In an implementation, the sander 100 may include a mechanical braking member, such as brake member 218 and corresponding ring 216 (shown in phantom in FIG. 2) of the type described in U.S. Pat. No. 5,392,568. The brake member 218 is a flexible member that contacts the ring 216 on the backside of the orbit mechanism 104 during operation of the sander 100 to limit the rotational speed of the platen 104.

In another implementation of the sander 100, rather than being powered by an electrical motor the sander may be powered pneumatically by a stream of liquid (e.g., air or water) that enters the body 102 of the tool to provide energy to drive an air or water motor. In a pneumatic implementation, the power cord 118 could be replaced with an air or water hose, and the electrical motor 112 within the body 102 would be replaced with an air or water motor.

When powered, the motor 112 may drive a rotating, oscillating, reciprocating, vibrating, or otherwise moving member within the body 102 of the power tool 100. For example, the rotor 200 of the motor 112 can be coupled to the orbit mechanism 104 to drive the orbit mechanism and the platen 108 in a random orbit. Motors used in many implementations typically operate at a high frequency. For example, in the example implementation of a random orbit sander 100, the motor can drive a fan within the body 102 and the orbit mechanism 104 outside the body at a frequency of about 12,000 RPM, such that the platen 108 experiences orbital motion having a frequency of about 12,000 RPM. However, as is typical of random orbit sanders, the frequency of the rotational motion of the may be close to zero, such that abrasive particles on the platen 108 travel in random orbital motion to reduce swirl marks on the workpiece.
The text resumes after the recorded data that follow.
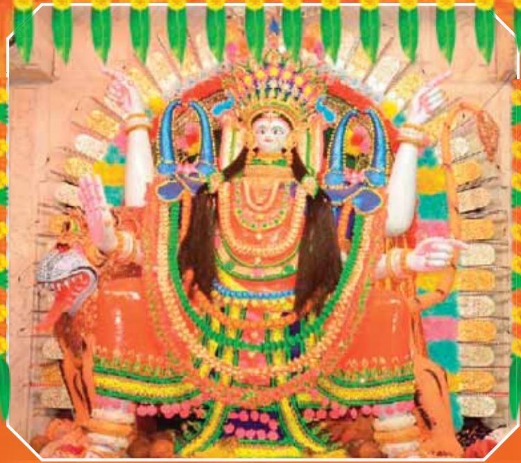
सुनरहाई की दुर्गा मां
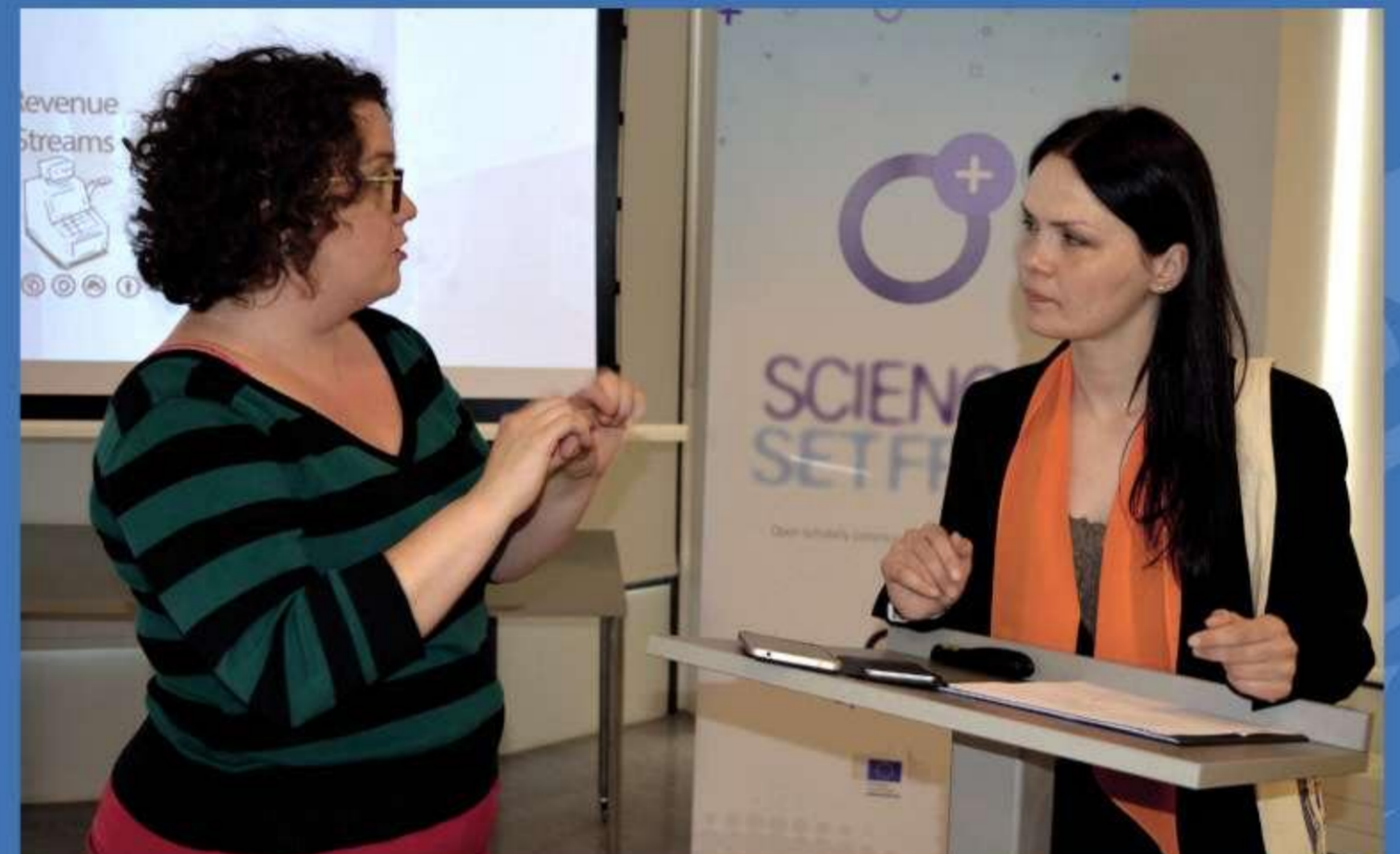
OpenAIRE: Advanced Latvia organizētais seminārs, 2018. gads.
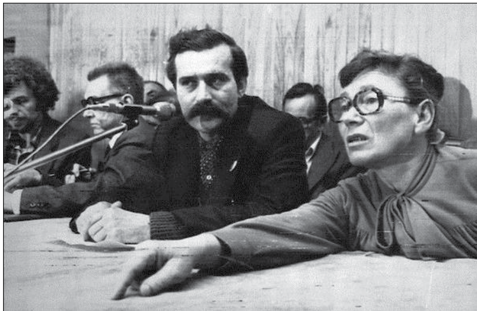
Анна Валентинович і Лех Валенса на переговорах з урядом Польщі.

тичного режиму вона все частіше виступала з гострою критикою політики правлячих партій, що походили із руху „Солідарність“, відмовилася від звання почесної громадянки Гданська, від почес-
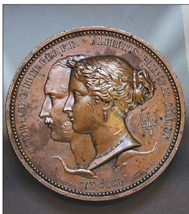
Одна из медалей экспозиции.

Район, где находится усадьба, на карте 1843 года обозначен как «Матильдино предместье». Это название дано в честь супруги Анатолия Демидова, принцессы Матильды де Монфор, племянницы императора Наполеона Бонапарта. При строительстве дачи был удачно использован рельеф местности. Со стороны дороги (ул. Красногвардейская) она выглядит одноэтажной. С трех других сторон имеет два этажа. На чертеже 1876 года, названном «План и фасад дачи Павла Павловича Демидова, князя Сан-Донато,
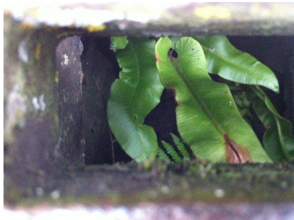
de Zwartsteelvaren ( Asplenium adiantum-nigrum ).

Het is bekend dat uit het metselwerk van de kademuur van de boulevard een zeldzame, beschermde soort varen groeit. Tot ieders verrassing bleek bij de voorbereiding van de aanpak van de boulevard dat ook onder de roosters in de afvoerputten twee soorten zeldzame en beschermde varens groeien: zie foto: de Tongvaren ( Asplenium scolopendrium ), en
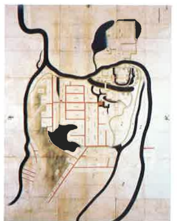
諸国城郭絵図のうち下総国世番宿城絵図(複製) (原品は国立公文書館蔵)
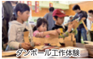
ダンボール工作体験
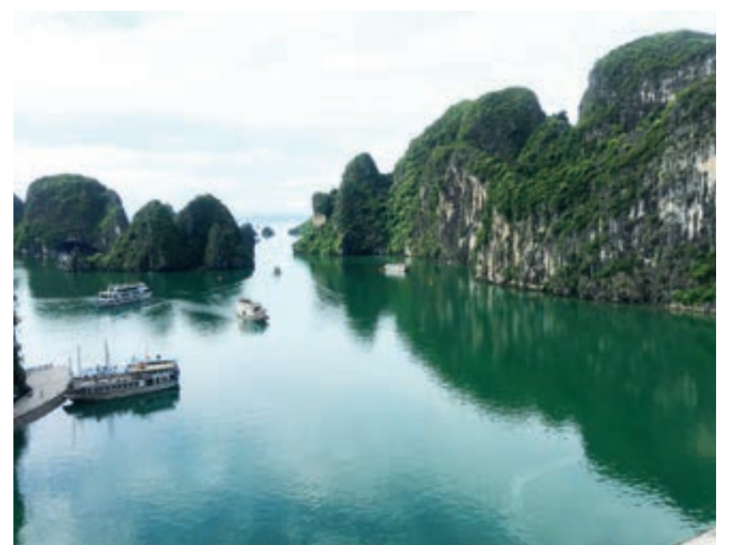
Từ trên cao của hang Sừng Sốt, toàn cảnh Hạ Long hiện ra như một thiên đường.
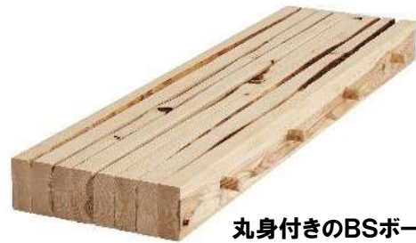
丸身付きのBSボード

製品木材の断面形状や配列によって、多彩な製品の製造が可能となります。「丸身」など、B級材もこれまでの木材製品とは逆の発想で、木材のラフ感が魅力の意匠材として活用するようにいたしました。「丸身」とは、丸太の丸い皮つき部分が一部に残る製材で、昨今、建築用材で好まれないグレードの木材です。こうした部分はバイオマス向けのチップ材などに活用することが多いですが、意匠材などより高単価の材料として利用が可能となり、製材の歩留り向上や高付加価値化につながります。また、顧客やデザイナーの要望に合わせた、あえて鋸目が残る仕上がり感や、不揃いな色あいに板材を配列するなど、構造材でありながら、デザイナーの意匠面の要望に応えやすい素材です。
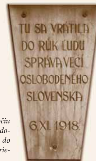
Radnica - pôvodná neskororenesančná budova radnice na námestí bola vybudovaná na starších základoch v prvej tretine 17. storočia. V 18. storočí ju prestavali v barokovom štýle a od konca 18. storočia sa stala sídlom mestskej správy. V roku 1918 tu v dňoch 6. až 14. novembra 1918 po vzniku Československej republiky sídlila Československá dočasná vláda pre Slovensko.
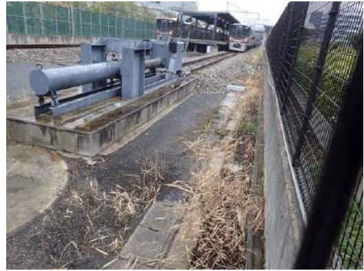
桜島駅終点に生えるヨシ 190317 撮影 榎元慶子

アカネ科…クチナシ 1(植,街路樹) アカバナ科…コマツヨイグサ 1 アブラナ科…カラクサナズナ 1 イネ科…コバンソウ 2、ヨシ 1 オオバコ科…ヘラオオバコ 1 キク科…ウラジロチチコグサ 1、ヨモギ 1 キョウチクトウ科…キョウチクトウ 1(植) クスノキ科…クスノキ 1(植,街路樹) グミ科…ナワシログミ 4 セリ科…ノチドメ 1 ツツジ科…ヒラドツツジ 1(植) ツバキ科…カンツバキ 2(植) トクサ科…スギナ 2(ツクシ) ナデシコ科…シロバナマンテマ 1 ニレ科…アキニレ 4 バラ科…シャリンバイ 1(植)、トキワサンザシ 4 ヒノキ科…カイヅカイブキ 1(植) ブナ科…スダジイ 1(植) マツ科…クロマツ 1(植) モクセイ科…トウネズミモチ 4 マメ科…カスマグサ 2 ヤマモモ科…ヤマモモ 2(植) 動物…ヒヨドリ 0 声,4、クスベニヒラタカスミカメ 0 食痕、 ヒロヘリアオイラガ 0 羽化後繭、ミカンワタカイガラムシ 2、 マエアカスカシノメイガ 4
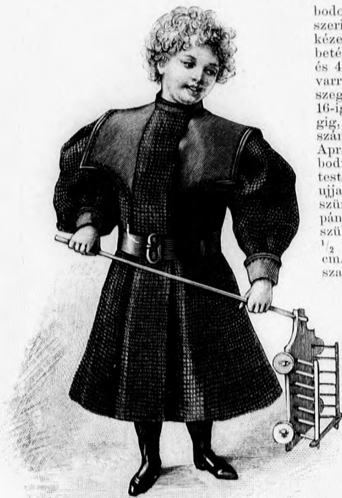
40. sz. Ruha 1-2 éves fiúnak. Szab., a ruha háta és magy.: mintáiv VII. sz., 43-49a. fig.

jük. Hasonló betét fedí az állógallért és a derék szélét, valamint a vállvarrást és ujjá dudorát egyben és a kapcsolást. A vállon és elől 5 cm. széles, az ujján és a derék szélén 7 cm. széles duplafodrot varrunk a betét alá. A blúzbelést, ujját és állógallért bármely egyszerű derék-minta után szabjuk. A főt beráncolt rövid dudort október 1. számunk 70. fig. szerint készíthetjük.
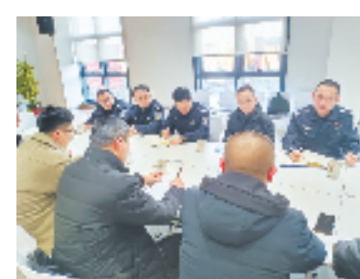
吴兴公安领导带队走访大东吴集团了解企业生产经营情况

企业的真实需求，用公安力量助推企业社会治理能力，最终目的，是助推实现‘五个一’目标，大力支持企业稳岗开工促生产，助力企业‘开门稳、开门红’，为奋力谱写中国式现代化精彩湖州新篇章贡献公安力量。”上述负责人说。
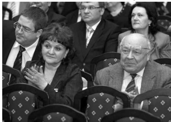
Фото Сергея УНРУ ●
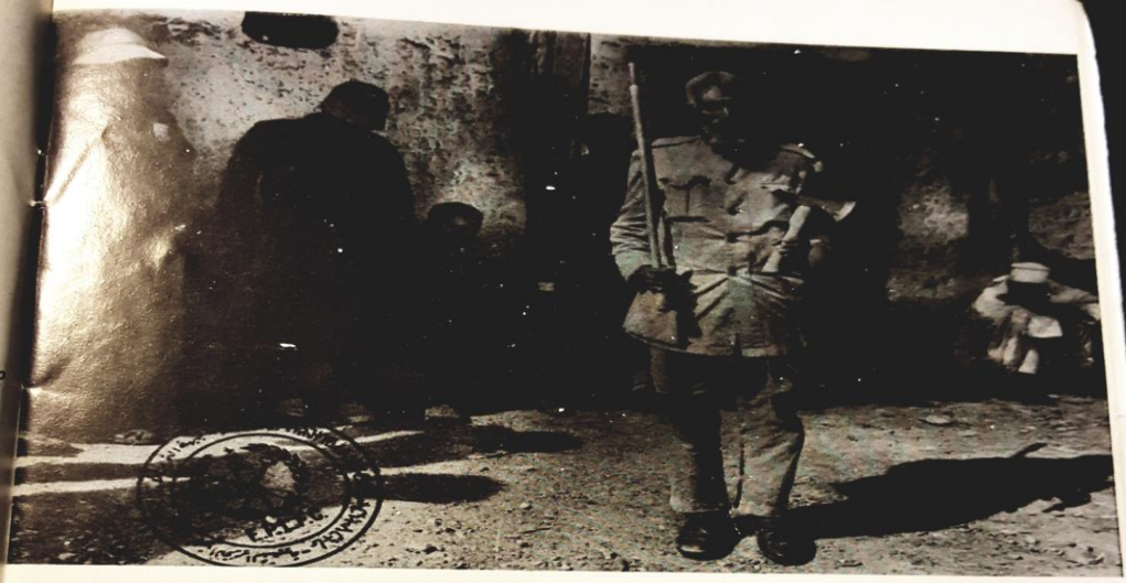
ገደብ ወር 3 ደብዳቤ ገዛና መገናኛ + ወይንና ደብዳቤ ሰውና ቀደሚያ ::
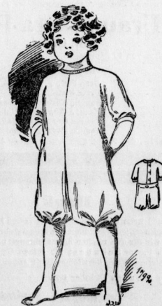
1792. Nachtsachen für Kinder von 2-3 Jahren.

Fertig zugeschnittene Schnittmuster zu sämtlichen Abbildungen
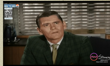
Exemplo de Programática Programa: "A Feiticeira!"

AWTV Streaming - "A sua marca como patrocinadora da "Feiticeira"!!!!"
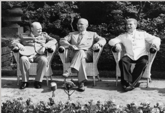
У. Черчилль, Г. Трумэн, И. Сталин
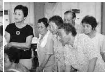
作り方をじっくり見学
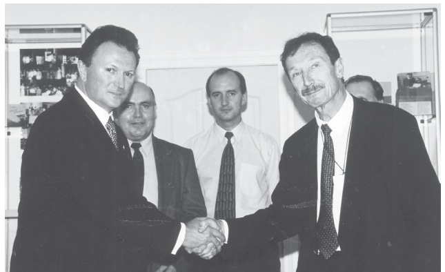
С лауреатом Нобелевской премии Рольфом Цинкернагелем (Швейцария). 2001 г.

The power tool 100 also includes a handle portion 250 that can be grasped by the user to control the operation of the power tool and its interaction with the workpiece. The handle 250 of the power tool can be ergonomically shaped, such that it can be easily grasped by in the hand of the user. For example, the handle 250 may have a surface area that is about the size of, or slightly larger than, the size of a typical operator's palm. The upper surface 252 of the handle (i.e., the surface facing away from the platen 108 can be contoured to fit comfortably in the palm of the operator's hand while also allowing the fingers of the operator to wrap around the handle's side surfaces 254, such that the operator can grasp the handle comfortably. In an implementation, the upper surface 252 is shaped to have an arcuate cross-section that generally conforms with a palm of a user's hand, with side surfaces 254 curving back toward the body 102. A user can thus grip the sander 100 by holding the upper surface 252 of the handle 250 in the palm of the user's hand and grasping edges 254 with the user's fingers, which can extend under edges 254. While the upper surface 252 of the sander 100 is shown in FIGS. 1-2 as being generally round (when viewed from the top), it should be understood that the upper surface 252 can have other shapes, such as oval, teardrop, elliptical, or the like. The shape of the upper surface 252 of the handle 250 allows the user to keep the user's hand relatively open when grasping the sander 100.

In general, the handle 250 can be contoured or otherwise shaped to facilitate gripping by the hand of an operator of the power tool 100. For example, the handle 250 can be generally symmetrical about one or more axes, or the handle may have a contour that is asymmetrical about an axis, for example, to provide specific contour features accommodating the positions of the operator's fingers. More generally, the handle 250 can have a shape that is suitable for manipulation by the operator of the power tool 100 and that is comfortable and can provide adequate control of the tool when gripped by the operator. The handle 250 can be constructed, for example, of a hard plastic (e.g., acrylonitrile butadiene styrene) or any other suitably hard material using manufacturing techniques such as blow or injection molding. Furthermore, all or portions of the handle 250 can be sheathed or otherwise covered with a resilient or elastomeric material (e.g., rubber, neoprene, or a silicone-based gel) to improve the comfort of the operator's grip on the handle.

As explained in more detail below, rather than the handle 250 being rigidly bound to the body 102 of the sander 100, the handle 250 can be loosely coupled to the body through one or more, semi-rigid, resilient coupling members 260. Because of the loose coupling, the handle 250 can be displaced slightly while the body 102 remains stationary, or, conversely, the handle 250 can remain relatively stationary while the body experiences vibration. Thus, the loose coupling between the handle 250 and the body 102 can reduce the amplitude of vibrational motion experienced by the operator when operating the power tool 100. FIG. 2 shows two coupling members 260 that couple the handle 250 to the body, but in another implementation, the coupling members 260 shown in FIG. 2 can be a cross-sectional view of a single coupling member shaped in a ring.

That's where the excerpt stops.